> _What the exercise asks_
What should be copied is the stretch of entries below from the line with "ルナ 5本脚ハイチェア 肘付" up to and including the line with "추미애 민주당 대표는", exactly and without images.

Data listing section start

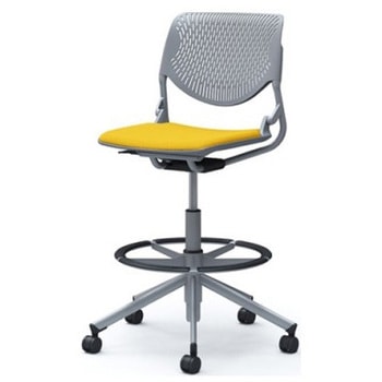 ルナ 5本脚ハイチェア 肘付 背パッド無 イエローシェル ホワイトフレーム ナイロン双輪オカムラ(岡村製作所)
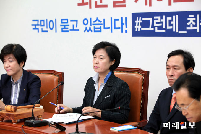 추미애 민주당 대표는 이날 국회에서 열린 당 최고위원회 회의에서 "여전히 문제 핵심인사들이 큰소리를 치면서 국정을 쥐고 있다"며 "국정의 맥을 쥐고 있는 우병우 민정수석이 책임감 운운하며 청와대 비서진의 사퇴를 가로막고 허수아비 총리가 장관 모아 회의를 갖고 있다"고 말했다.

Data listing section end
Data listing section start

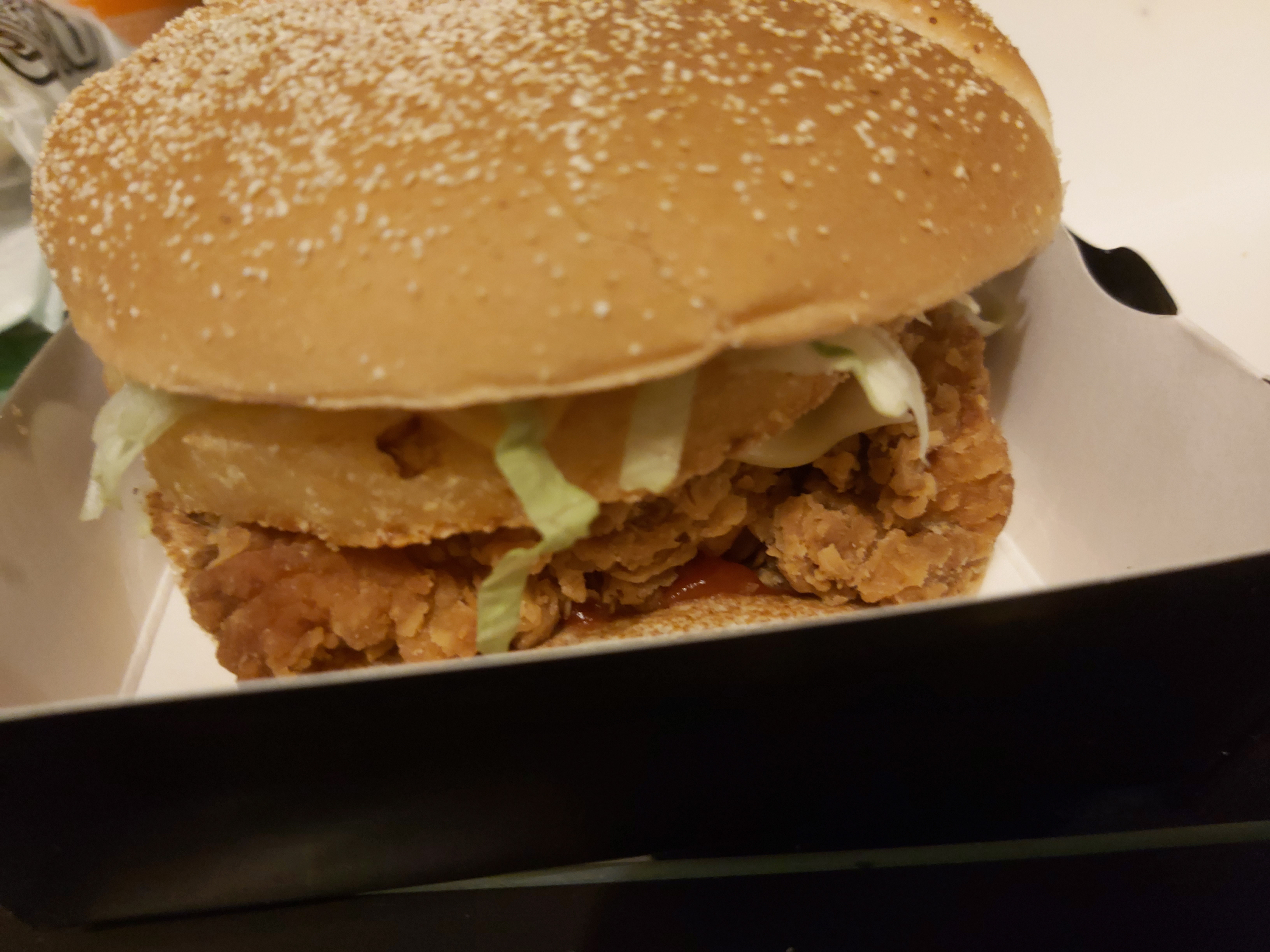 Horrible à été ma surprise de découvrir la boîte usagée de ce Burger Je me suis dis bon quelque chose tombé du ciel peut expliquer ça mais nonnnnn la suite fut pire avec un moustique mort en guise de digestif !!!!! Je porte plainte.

Data listing section end

> _Expected answer_
 ルナ 5本脚ハイチェア 肘付 背パッド無 イエローシェル ホワイトフレーム ナイロン双輪オカムラ(岡村製作所)
 추미애 민주당 대표는 이날 국회에서 열린 당 최고위원회 회의에서 "여전히 문제 핵심인사들이 큰소리를 치면서 국정을 쥐고 있다"며 "국정의 맥을 쥐고 있는 우병우 민정수석이 책임감 운운하며 청와대 비서진의 사퇴를 가로막고 허수아비 총리가 장관 모아 회의를 갖고 있다"고 말했다.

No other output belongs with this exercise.